Conrad Primmer
- Full name: Conrad James Primmer
- Date of birth: 24 March 1924
- Place of birth: Brisbane, Australia
- Date of death: 10 December 2014 (aged 90)
- School: Brisbane Grammar School
- University: University of Queensland
- Occupation(s): Gynaecologist

Rugby union career
- Position(s): Lock

International career
- Years: Team / Apps / (Points)
- 1951: Australia / 2 / (0)

= Conrad Primmer =

Rugby player (1924–2014)

Conrad James Primmer OAM (24 March 1924 — 10 December 2014) was an Australian rugby union international.

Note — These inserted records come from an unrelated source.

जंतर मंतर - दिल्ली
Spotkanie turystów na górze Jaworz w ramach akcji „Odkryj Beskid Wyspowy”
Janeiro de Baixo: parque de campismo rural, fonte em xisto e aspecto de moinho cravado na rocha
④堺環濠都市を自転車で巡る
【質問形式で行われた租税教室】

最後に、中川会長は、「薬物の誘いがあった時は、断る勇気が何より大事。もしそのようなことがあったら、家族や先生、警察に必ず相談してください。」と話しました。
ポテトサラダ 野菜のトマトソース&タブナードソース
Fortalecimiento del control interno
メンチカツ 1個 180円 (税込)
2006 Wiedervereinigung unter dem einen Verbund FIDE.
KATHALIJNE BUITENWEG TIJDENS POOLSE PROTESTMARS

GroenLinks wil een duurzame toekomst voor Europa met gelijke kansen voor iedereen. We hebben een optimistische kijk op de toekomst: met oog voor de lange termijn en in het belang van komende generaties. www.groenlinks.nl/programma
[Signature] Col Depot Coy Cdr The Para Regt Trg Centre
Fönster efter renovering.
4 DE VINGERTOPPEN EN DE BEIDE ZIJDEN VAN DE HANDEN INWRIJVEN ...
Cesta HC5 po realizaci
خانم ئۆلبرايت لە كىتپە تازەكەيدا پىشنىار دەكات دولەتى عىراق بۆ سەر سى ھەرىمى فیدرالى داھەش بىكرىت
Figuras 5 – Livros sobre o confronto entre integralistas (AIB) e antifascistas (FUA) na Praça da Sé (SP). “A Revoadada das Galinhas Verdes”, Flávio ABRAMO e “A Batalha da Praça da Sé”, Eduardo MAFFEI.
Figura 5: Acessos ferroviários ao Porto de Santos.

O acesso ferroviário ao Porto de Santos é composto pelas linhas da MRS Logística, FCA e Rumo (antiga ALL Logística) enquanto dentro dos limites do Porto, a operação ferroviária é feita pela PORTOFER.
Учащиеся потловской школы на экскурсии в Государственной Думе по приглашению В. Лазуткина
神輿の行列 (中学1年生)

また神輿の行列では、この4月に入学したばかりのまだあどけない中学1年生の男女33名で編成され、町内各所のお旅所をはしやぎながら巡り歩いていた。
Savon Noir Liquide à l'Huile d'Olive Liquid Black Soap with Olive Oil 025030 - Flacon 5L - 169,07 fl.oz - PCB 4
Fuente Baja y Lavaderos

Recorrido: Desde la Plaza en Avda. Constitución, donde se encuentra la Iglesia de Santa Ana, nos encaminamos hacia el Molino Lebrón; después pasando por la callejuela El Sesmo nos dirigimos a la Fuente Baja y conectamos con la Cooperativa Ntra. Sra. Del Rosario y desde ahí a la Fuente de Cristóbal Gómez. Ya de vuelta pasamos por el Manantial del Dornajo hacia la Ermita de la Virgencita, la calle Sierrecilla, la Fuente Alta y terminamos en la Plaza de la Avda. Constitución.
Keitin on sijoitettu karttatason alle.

Born in Brisbane, Primmer was educated at Brisbane Grammar School. He served in the Navy during the war, as did his brother Jack, who was killed in the sinking of HMAS Sydney. Following the war, Primmer played rugby for GPS and then the University of Queensland, while studying for his medical degree.

Primmer, a lock and specialist line-out jumper, was called up by the Wallabies to contest the Bledisloe Cup for a home series against the All Blacks in 1951. Capped twice, he played in the 1st Test at the Sydney Cricket Ground and 3rd Test at the Gabba. His decision to prioritise his studies cost him further selection.

A gynaecologist, Primmer was a founder of the Australian Country Hospital Heritage Association and was awarded the Medal of the Order of Australia (OAM) in the 1994 Australia Day Honours for services to the community.